Agrigento, un appalto per Ignazio Cutrò Il testimone di giustizia ritorna a lavorare

La mafia già non gli faceva paura, ma da oggi non lo impensierisce più nemmeno la burocrazia. Ignazio Cutrò – l’unico testimone di giustizia in Italia che ha scelto di rimanere nel territorio, a Bivona, nell’Agrigentino – ha finalmente ottenuto i documenti necessari per riprendere la sua attività e anche un appalto. «Non temo più le banche, non temo più la Serit», dice con un sospiro di sollievo. A dicembre gli erano giunte alcune cartelle esattoriali da capogiro: per una serie di problemi burocratici, l’Inps e l’Inail non avevano recepito la sospensione prefettizia, una delle agevolazioni garantite ai testimoni di giustizia nelle condizioni simili a quelle di Cutrò. Le tasse nel frattempo si erano accumulate, raggiungendo oltre 126mila euro, tanto da spingerlo allo sciopero della fame. Ieri è stato ufficializzata la concessione dalla Regione di un appalto per la manutenzione delle cabine elettriche lungo un tratto dell’autostrada Palermo-Messina.

Le vicende di Ignazio Cutrò iniziano nel 1999, con una serie di intimidazioni di chiaro stampo mafioso. Una pala meccanica incendiata, alcune tubature sabotate, camion e altri macchinari incendiati, il furto di attrezzi e poi le bottiglie contenenti benzina e le cartucce. Dopo varie denunce contro ignoti, ha deciso di compiere il primo passo di una lunga salita diventando testimone di giustizia. Grazie alla sua collaborazione, vengono arrestate e condannate a vari anni di carcere cinque persone accusate di estorsione. Ma i problemi non finiscono: prima l’isolamento, la terra bruciata attorno a un nome scomodo, poi le beghe burocratiche.

«Nel giro di una settimana si è stravolta la mia vita», il testimone vorrebbe quasi urlare dalla felicità. Prima l’ottenimento del durc, il documento unico di regolarità contributiva che certifica l’assenza di debiti con l’erario. Ieri la concessione dell’appalto con il consorzio Autostrade siciliane per un importo di 110mila euro. Un sospiro di sollievo anche per cinque degli operai che lavoravano per lui al momento della sua denuncia. «Anche loro erano in attesa – racconta – quando ho detto loro che avevamo ottenuto l’appalto hanno urlato di gioia. Il loro nome era troppo legato alla mia vicenda e nessuno voleva avere a che fare con un testimone di giustizia».

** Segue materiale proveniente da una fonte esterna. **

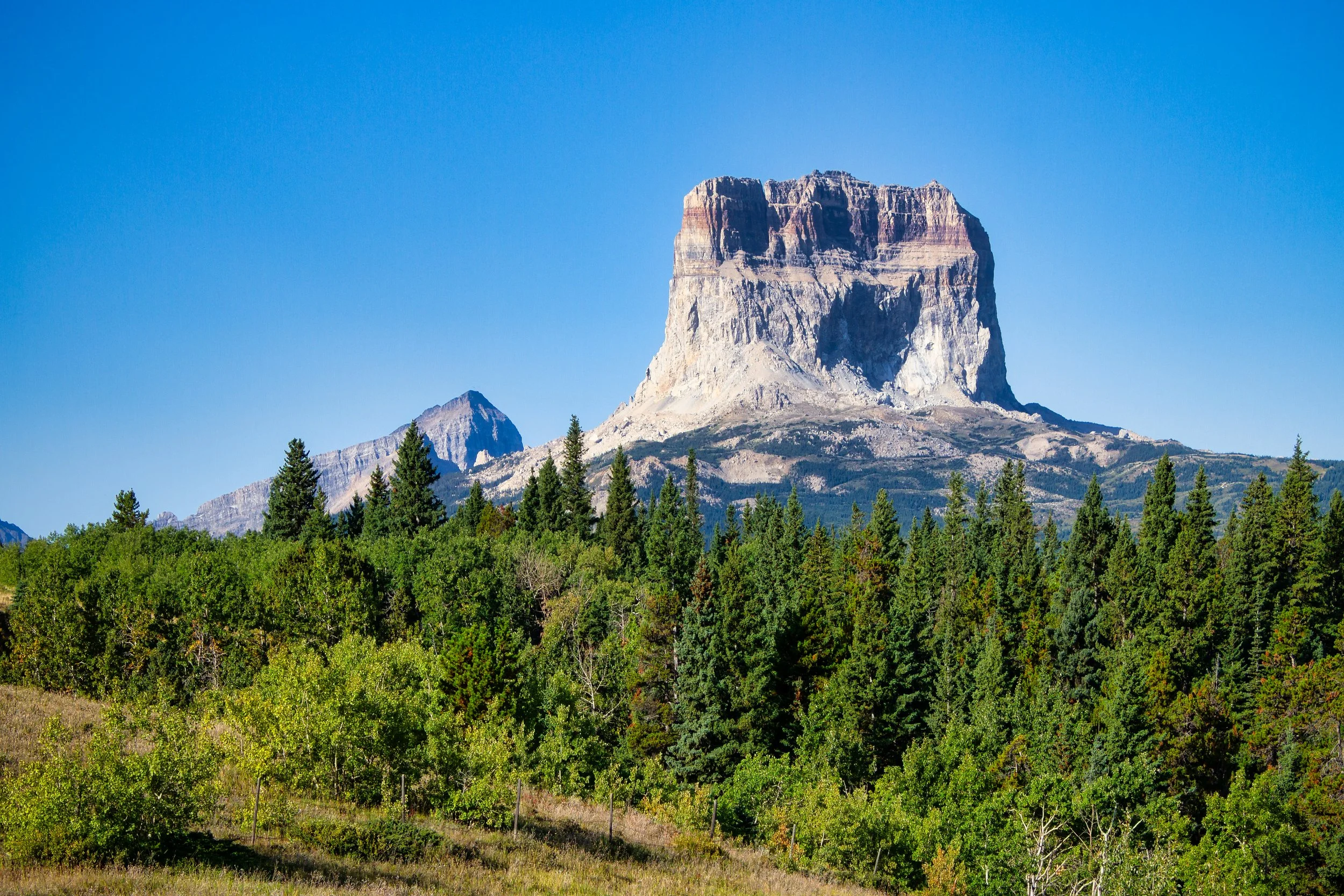 Chief Mountain, while not the tallest in Glacier, stands prominently among the Rockies' eastern peaks and overlooks the plains, visible from over a hundred miles away. It marks the Blackfoot Confederacy's territory in the US and Canada, guiding travelers. Known as "Ninaistako," it is seen as powerful and wise. The Blackfeet continue their ancient rituals there, viewing Chief Mountain as the oldest spirit connected to their creation stories.
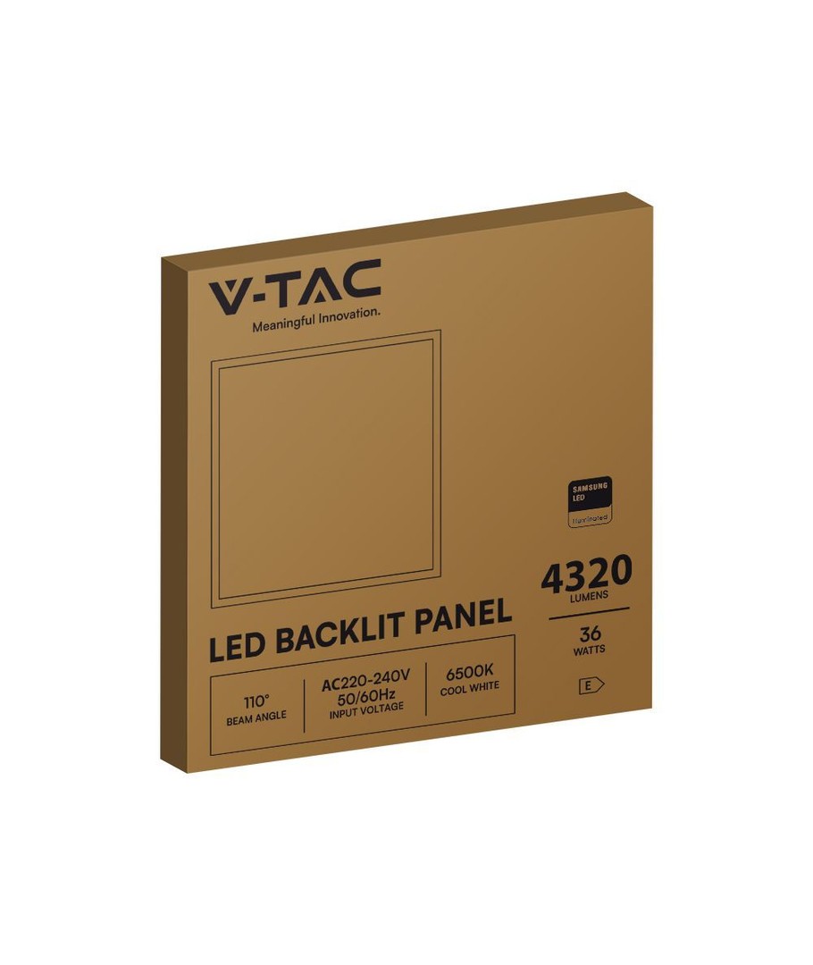 Fin 60 x 60 bakbelyst LED-panel av høyeste kvalitet med hvit kant.
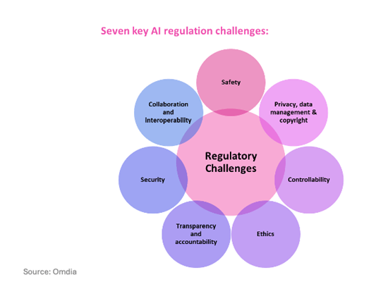 Omdia 的报告指出了监管机构必须应对的七大挑战,以确保人工智能发展带来的众多机遇得以实现,其中包括:安全性、隐私、道德、可控性、透明度和问责制、安全性以及版权和知识产权法。监管机构已经开始着手解决其中的一些问题,迄今为止发布的大多数指导方针都非常关注与人工智能实施相关的道德和法律问题,但预计明年这一进程只会加快,因为监管机构将重点关注特定行业的法律以及人工智能应用与现有监管政策之间可能存在利益冲突的领域,如数据保护法、版权法、过时的用户同意方法、许可协议或许可证以及特定行业的法律。
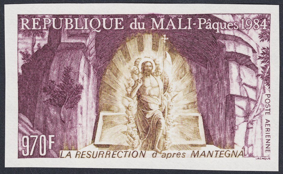 Muestro uno de los sellos de Egène Lacaque prometidos, este emitido por Mali en 1984. Inspirado en la obra Resurrección, de Andrea Mantegna, es un ejemplo notable de la finura virtuosa de este gran artista, siempre insinuador de poesía, esa cosa liviana, alada y sagrada.
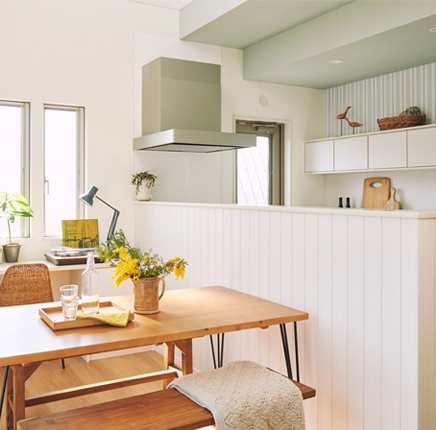 お気に入りのカフェをイメージして、キッチンの腰壁を木目調で仕上げてはいかがでしょうか。板を連続して貼り木目で美しく仕上げることができる羽目板。見た目がぐっとおしゃれになるだけでなく、汚れや傷に強い仕上げなのでお手入れも簡単です。
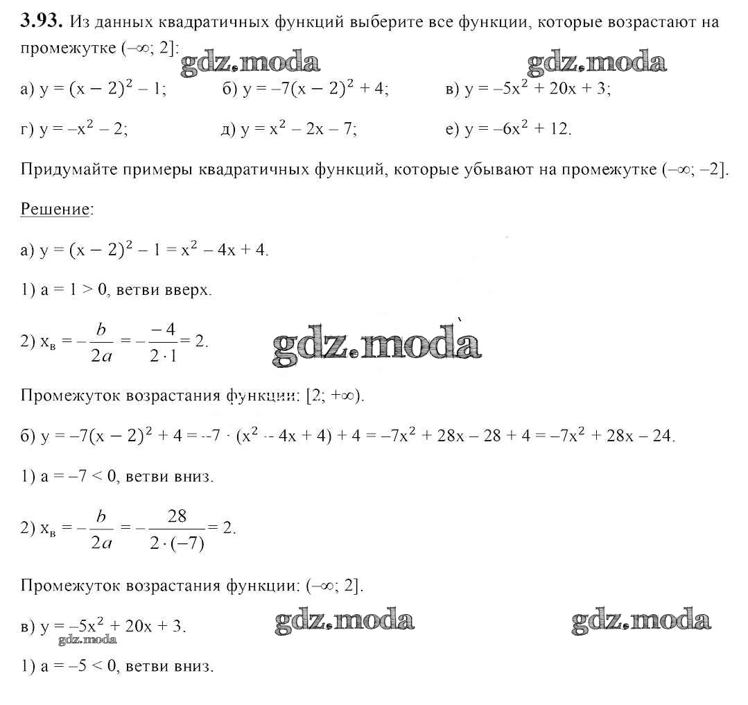 ОТВЕТ на задание № 3.93 Учебник по Алгебре 8 класс Арефьева
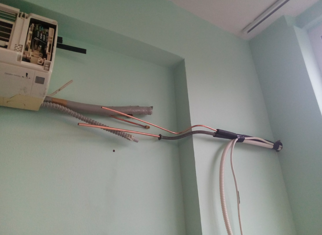 И, конечно же, внутренний блок должен висеть идеально ровно, чтобы конденсат не стекал на пол в комнате, а выходил наружу по дренажу.
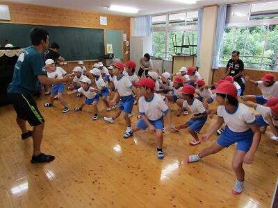 今日は鼓笛の練習の後、地区の方を講師に招いて「ひえつき節」の練習をしました。最初はぎこちなかった子ども達ですが、指導を受ける内に昨年までの教えを思い出し、上手に踊っていました。
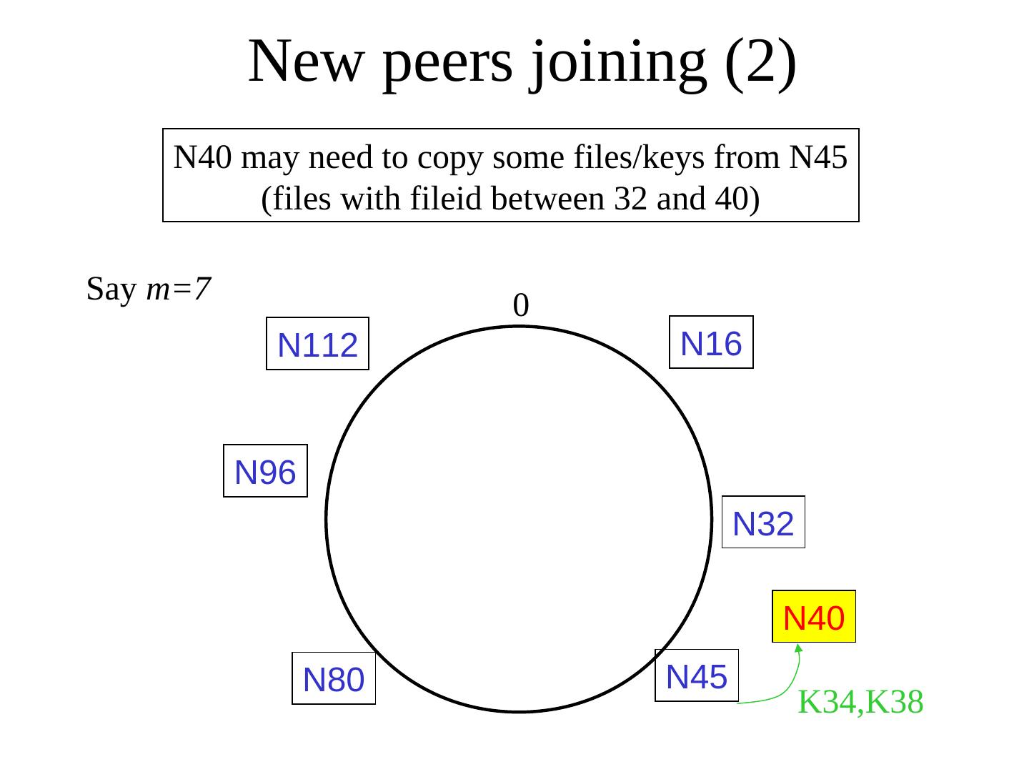 11 . New peers joining (2) N40 may need to copy some files/keys from N45 (files with fileid between 32 and 40) Say m=7 0 N112 N16 N96 N32 N40 N80 N45 K34,K38
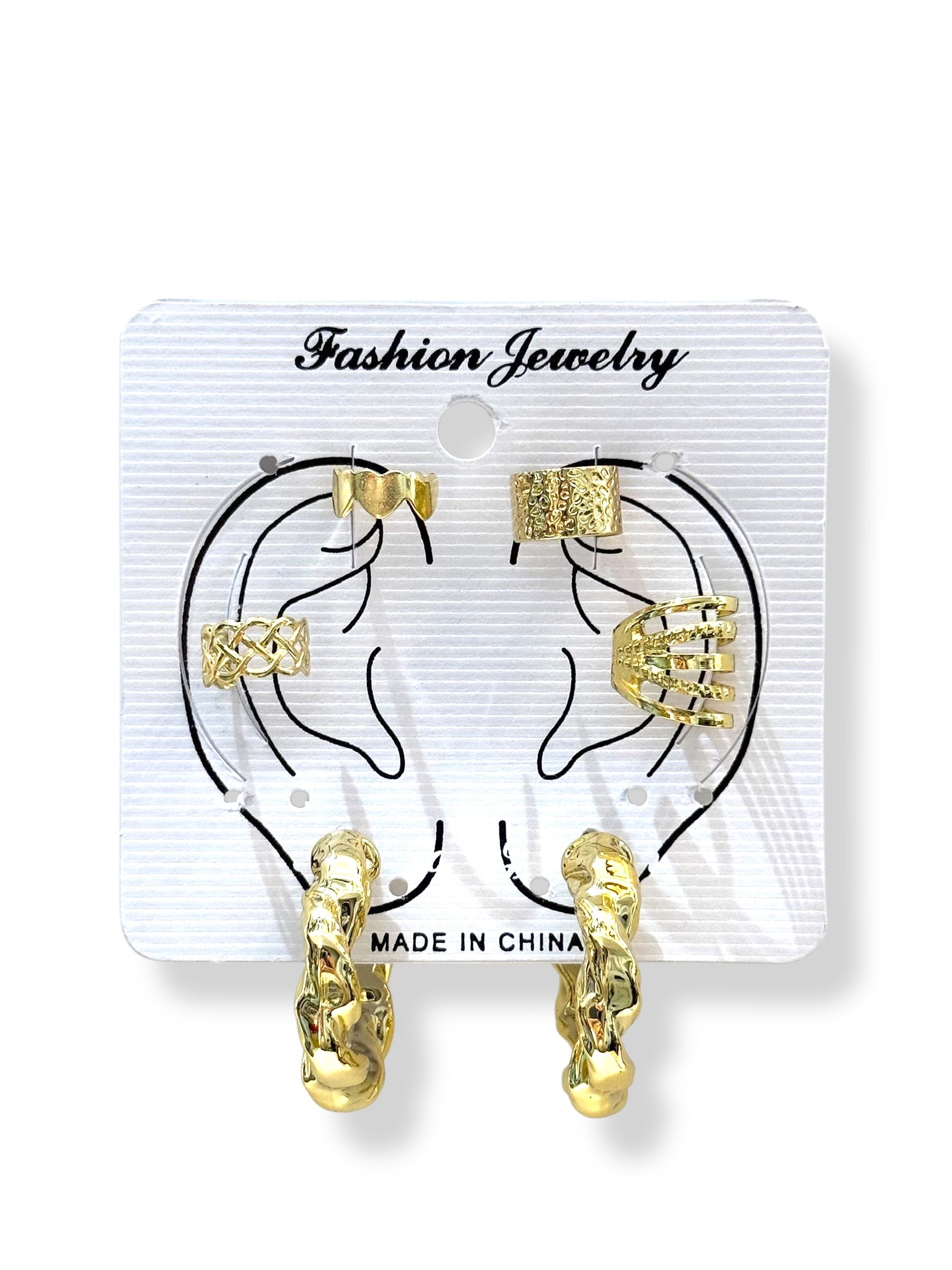 Composición: 4 earcuff y 1 par de aros en un cartón.
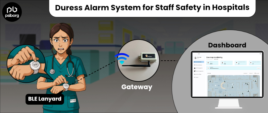 PsiBorg successfully developed and delivered an advanced staff safety solution customised for hospitals. Our expertise in developing tracking and monitoring solutions and IoT in healthcare solutions enabled us to design a system that ensures rapid emergency response through real-time location tracking and instant duress alarm activation.
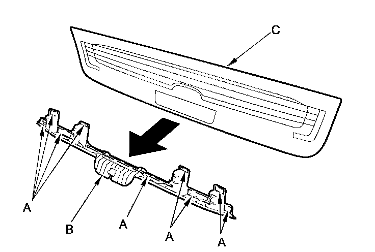 2. Separate the double-sided adhesive tapes (A), then remove the rear license trim (B) from the lower rear window (C).
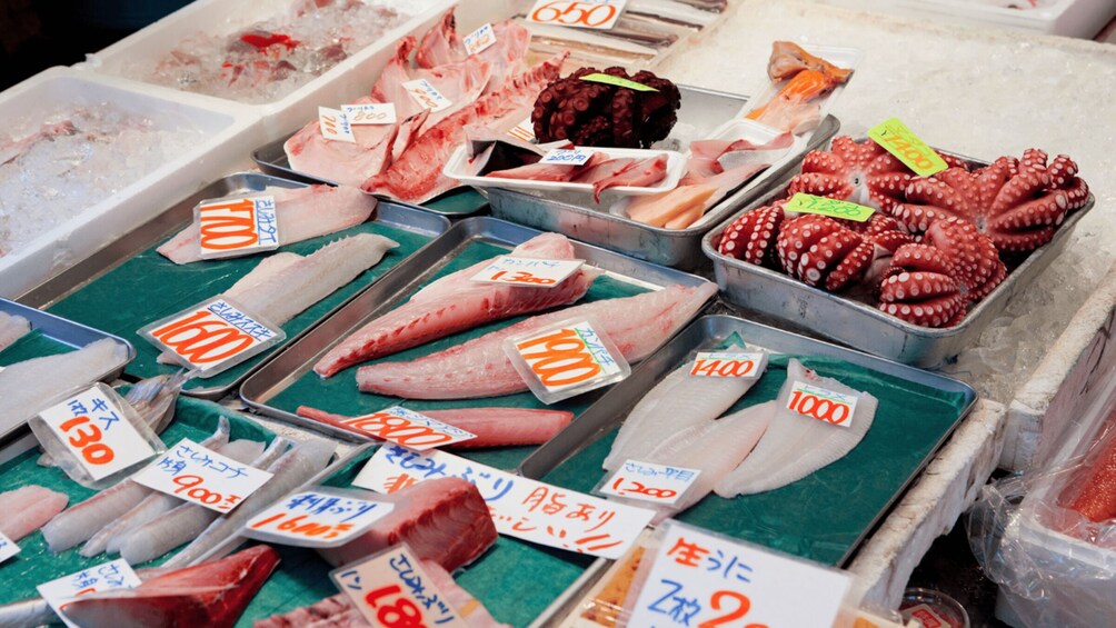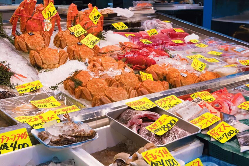 • Taste Tamagoyaki (sweet egg omelette) and fresh seafood skewers (tuna, etc.).

Quella ottenuta ieri non è una vittoria singola, ma «una conquista molto importante, siamo riusciti a indicare la strada giusta. Finora tutte le aziende degli altri testimoni sono fallite. E’ un ottimo segnale», afferma emozionato. «Mai un passo indietro e ntu culu a la mafia», questo il suo motto che spera possa servire d’incoraggiamento a tanti colleghi oppressi dalla mafia.